Abstract
This article examines the gender policy of the Department of Land Affairs (DLA) and progress since 1994 in giving content to women's land rights in practice in two major sub-programmes of land reform: land redistribution and communal tenure reform. The article reviews the constitutional negotiations around gender equality and cultural rights between 1993 and 1996. It then summarizes the extent to which the DLA's land redistribution programme has formally targeted women since 1994. It further examines the effectiveness of the DLA's formal Gender Policy in practice, using the KwaZulu Natal provincial office and three of its land redistribution projects as case studies, and considers the treatment of women's land rights in the struggle around the enactment of the Communal Land Rights Act in 2004. Although serious shortcomings in the management and conceptualization of the DLA's Gender Policy are evident, alongside a lack of consensus in society more broadly on the content of gender equality in social policy, it concludes that comparing the current conjuncture to that prevailing in 1993/94 illuminates certain gains. Significant here is the consolidation of the legitimacy of the principle of gender equality, which is not without effect on social relations on the ground.
Notes
1. Bhe and others v Magistrate, Khayalitsha.
2. While Judge Ngcobo agreed in his minority judgment that the right to gender equality is fundamental in the Constitution, he argued that any modification of the rules of succession must respect their primary purpose, which is to preserve the family unit, and recognize that ‘a majority of Africans have not forsaken their traditional cultures’ (Paragraph 228) – hence, in his view, the problem lies not with the principle of primogeniture itself, but with the exclusion of female descendants from the responsibilities of succession in families where the eldest surviving child of the deceased is a girl.
3. I have not researched the application of gender policy in the land restitution sub-programme (for those dispossessed of land rights after 1913) nor in the area of tenure reform for farm dwellers; there is, however, little reason to assume more effective implementation in either. Space also does not permit a discussion on the gendered nature of land demand in South Africa, an issue deserving of more in-depth research.
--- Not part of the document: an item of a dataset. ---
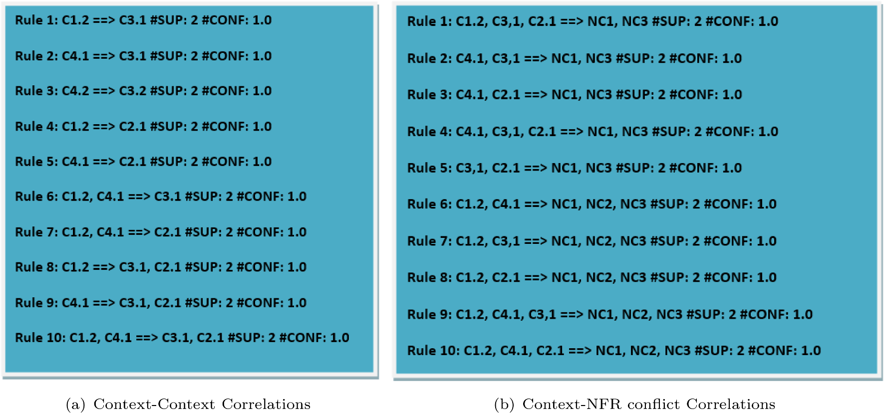 These data are then fed into the Sequential Rule Mining Framework of the SPMF library [9] for mining two types of sequential rules—(i) between individual contexts; and (ii) between contexts and NFR conflicts.

4. For further discussion see Walker Citation2005.
5. Interview with female official who worked on the pilot programme in KwaZulu Natal. Interviews mentioned in this article were conducted between 2001 and 2002 as part of a research project under the auspices of the United Nations Research Institute for Social Development (UNRISD). Interviewees are not identified to respect their privacy.
6. Thoko Didiza, formerly an activist in the Women's National Coalition.
7. See Department of Land Affairs, KwaZulu Natal, File KNA/4/4/1 (Mahlabathini case file, Ladysmith District Office), File KNA/4/2/24 (Ntabeni case file, Ladysmith District Office) and File KNA/7/1/3 (The Gorge case file, Port Shepstone District Office).
8. The role of tribal authorities was unresolved at the time of the 2000 local government elections but the ANC succeeded in postponing the issue till after the elections. The Traditional Leadership and Governance Framework Act (2003) charted a compromise course, providing for a partial democratization of the renamed Traditional Councils, including that 40 per cent of members be elected and 30 per cent be women.